Tuğrul Türkeş, şunları kaydetti:
"Bir, Rahmetli Türkeş 40 sene önce kitabında bu başkanlık sistemine atıfta bulunmuş. O günden bugüne nasip olmadı, inşallah 16 Nisan'la birlikte bu süreci tamamlamış olacağız. Türkiye, yönetimde daha istikrarlı, böylelikle iş hayatında, günlük hayatta da daha huzurlu, daha düzenli bir hayata kavuşacak.
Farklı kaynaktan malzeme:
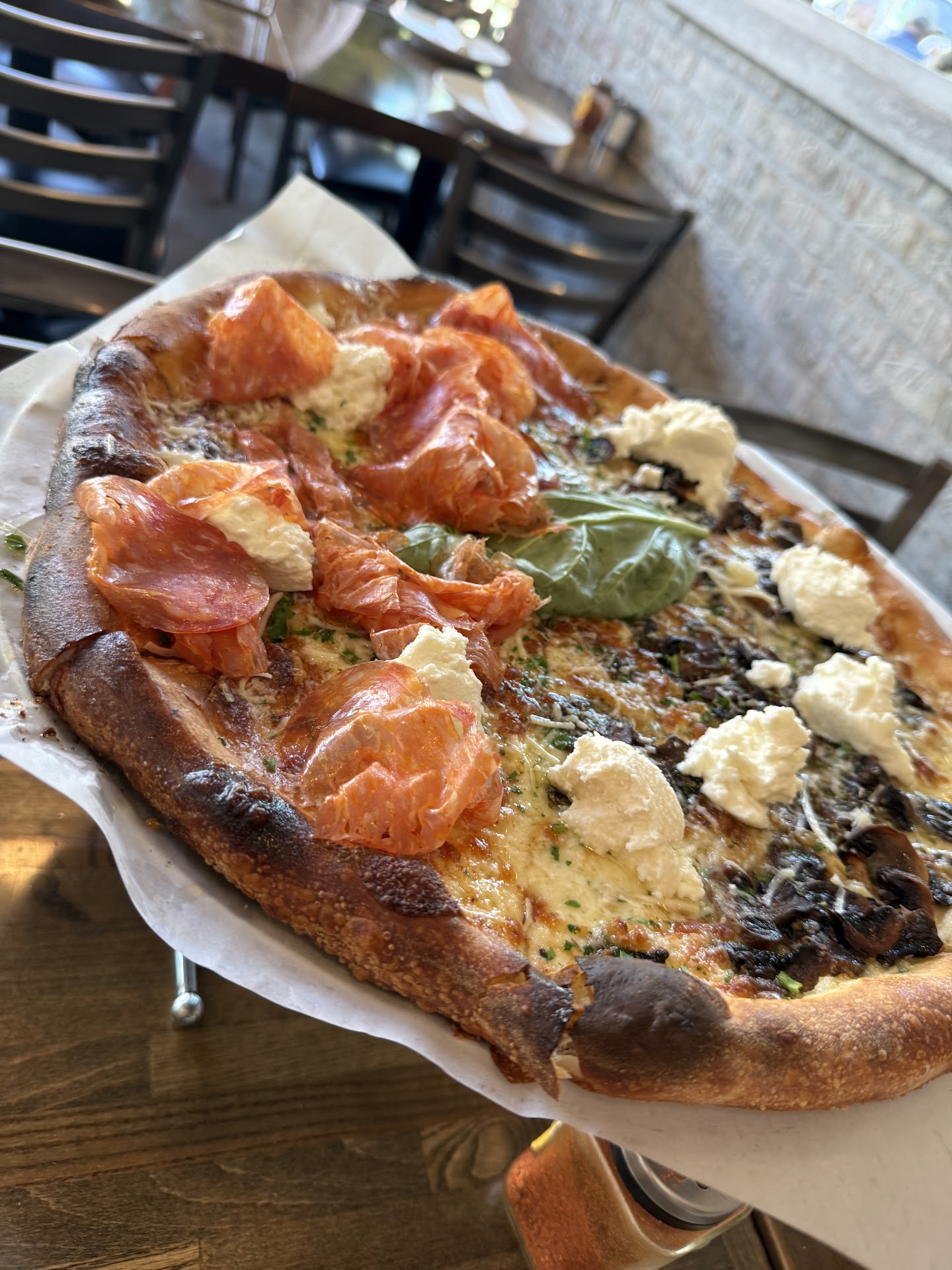 When I go to a place for the first time, I always order a cheese pizza (here, The Original) as the baseline test. What they brought out was the most beautiful pie I've ever seen, and one that tasted as good as it looked. The crust was outrageous...thin undercarriage but enough support, great undercarriage, nice crisp on the crust with amazing chew, and a perfect char. Best crust I've had, I believe. The sauce was fresh and bright, clearly a very high quality sauce brimming with flavor. The cheese was the perfect amount and incredibly delicious. Pleasing cheese pull when removing slices when it came out piping hot and fresh. There was very, very finely chopped basil on top which I loved---I like the basil flavor on a pizza, but hate biting into a leaf a la Margherita style. It was a great touch. The freshly grated pecorino romano on top was the perfect finishing note. Truly no notes on this pizza, it was amazing in every way. We (2 people) finished this pizza quite easily. While I'm not a skinny man, and while I do eat a lot of pizza, I never house half of a pizza in a sitting at a restaurant. I couldn't stop.
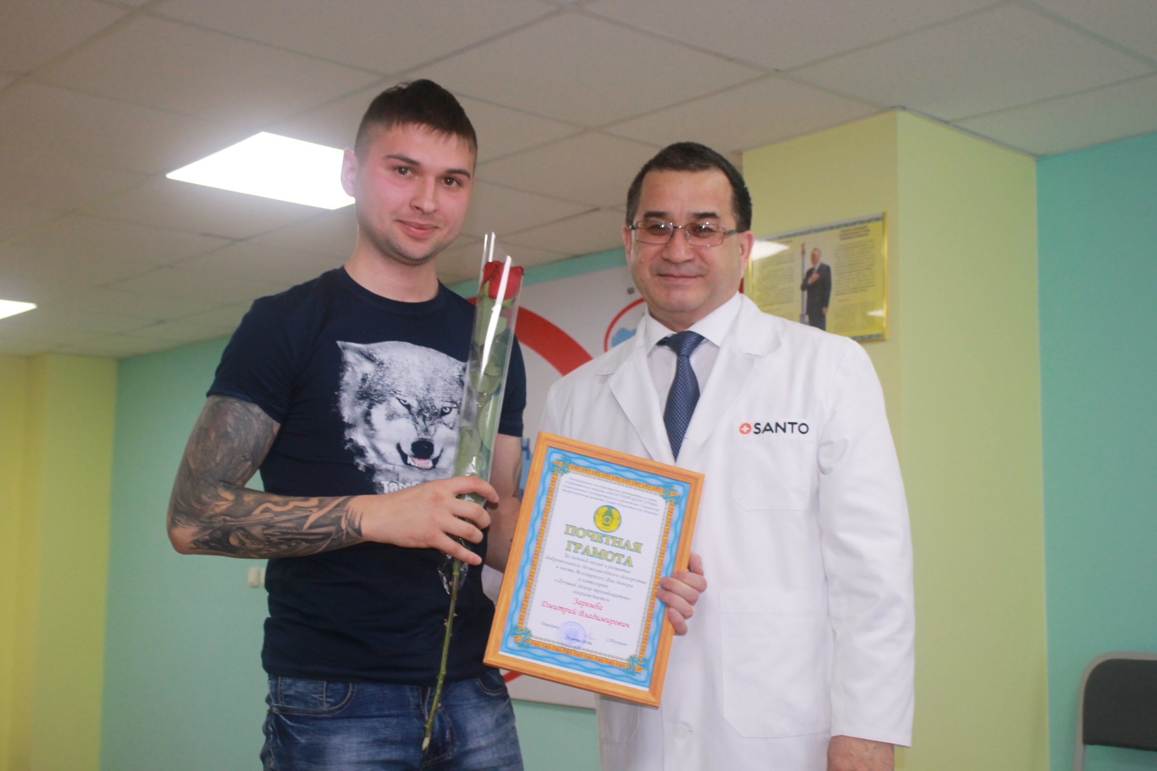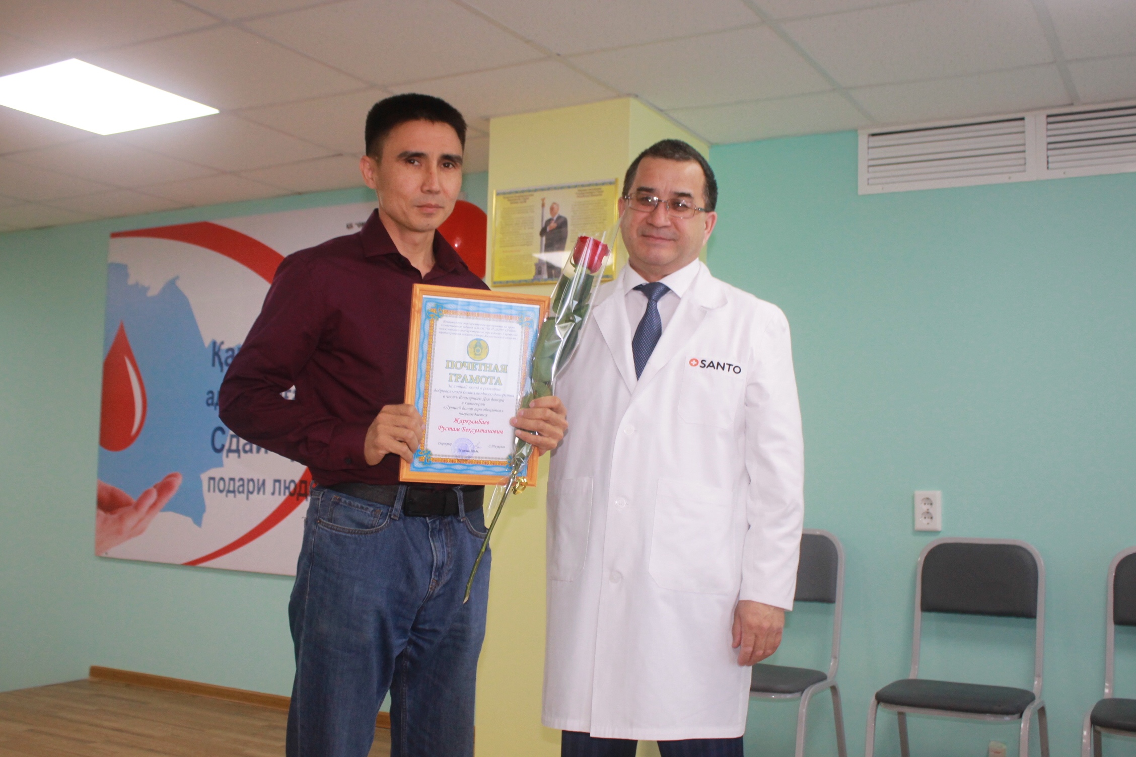 Донор Шадрин Виктор Владимирович награжден нагрудным знаком почетного донора Министерства Здравоохранения РК «Денсаулық сақтау ісіне қоскан үлесі үшін» и благодарственным письмом за личный вклад в развитие добровольного безвозмездного донорства.

İki, bunu biz başlatmadık. Hiç unutmayın bunu. Bunu hiç biz başlatmadık. Abdullah Gül Bey seçileceği zaman, Meclis'i kendi arkalarında halk desteği yokken, hukukla, hukukçuyla, şunla bunla Meclisi karıştırmaya kalkanlara karşı zor oyunu bozdu. Ne yapıldı o zaman. AK Parti dedi ki gidelim halka soralım, halk ne istiyorsa onu yapalım ve sizlerin oylarınızla, yüzde 57'nin üzerinde, yüzde 58'e yakın oyla 'cumhurbaşkanı halk tarafından seçilsin'i oyladınız. Ardından da Cumhurbaşkanımız yüzde 52 ile ilk turda halkın seçtiği ilk cumhurbaşkanı oldu. Bugün, bunun gerekli yasal düzenlemelerini tamamlamak için 16 Nisan'da sandığa gidiyoruz."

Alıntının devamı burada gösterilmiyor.